The Brigmore Witches received a similarly positive response "generally favorable reviews" according to Metacritic. The gameplay was generally considered an improvement, providing more intricate level design and nuanced world building that produced gameplay requiring a more thoughtful approach. PC Gamer appreciated that the levels each had a distinct theme, and adequately provided for both stealth and violent gameplay, while Polygon said that only the last level improved over the preceding DLC, introducing new mechanics that forced changes in stealth players. The story of The Brigmore Witches, in contrast, received a mixed response, with Destructoid saying that it offered a more gripping narrative, while Polygon stated that it lacked the same tension as The Knife of Dunwall, and the ending felt rushed and unsatisfying.

==Sequels and adaptations==

Bethesda indicated that sales of Dishonored were exceeding their expectations and that as a result, they intended to develop Dishonored into a franchise. Dishonored 2 was released on 11 November 2016. The sequel's story is set 15 years after the events of Dishonored. Emily is deposed as Empress during a coup by the witch Delilah and the Duke of Serkonos, a foreign land. Playing as either Corvo or Emily, the player must neutralize members of the coup and retake Dunwall. A standalone sequel, Dishonored: Death of the Outsider, was released on 15 September 2017. Taking place after Dishonored 2, it follows Daud's former second-in-command, Billie Lurk, on her quest to defeat the Outsider. The 2021 first-person shooter, Deathloop, is set in the far future of Dishonoreds narrative universe.
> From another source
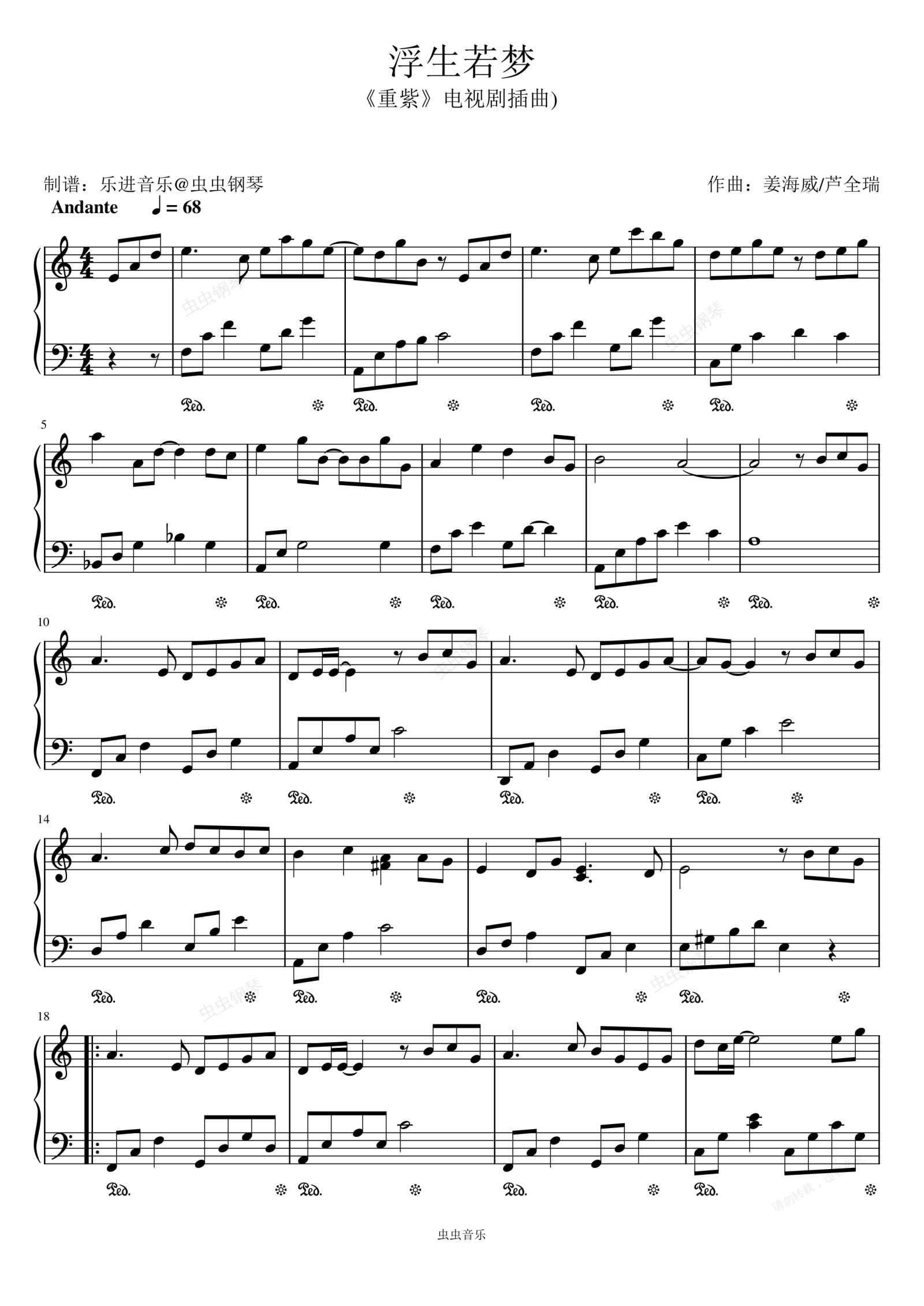 钢琴谱:《浮生若梦》C调

A Dishonored tabletop role-playing game was released on 29 September 2020. Developed by Modiphius Entertainment and adapted by Nathan Dowdell, the game features input from Harvey Smith and writers from the Dishonored video games. The Dishonored Roleplaying Game includes a 300-page corebook and allows players to take on the roles of criminals, assassins, explorers, and loyalists in various story campaigns.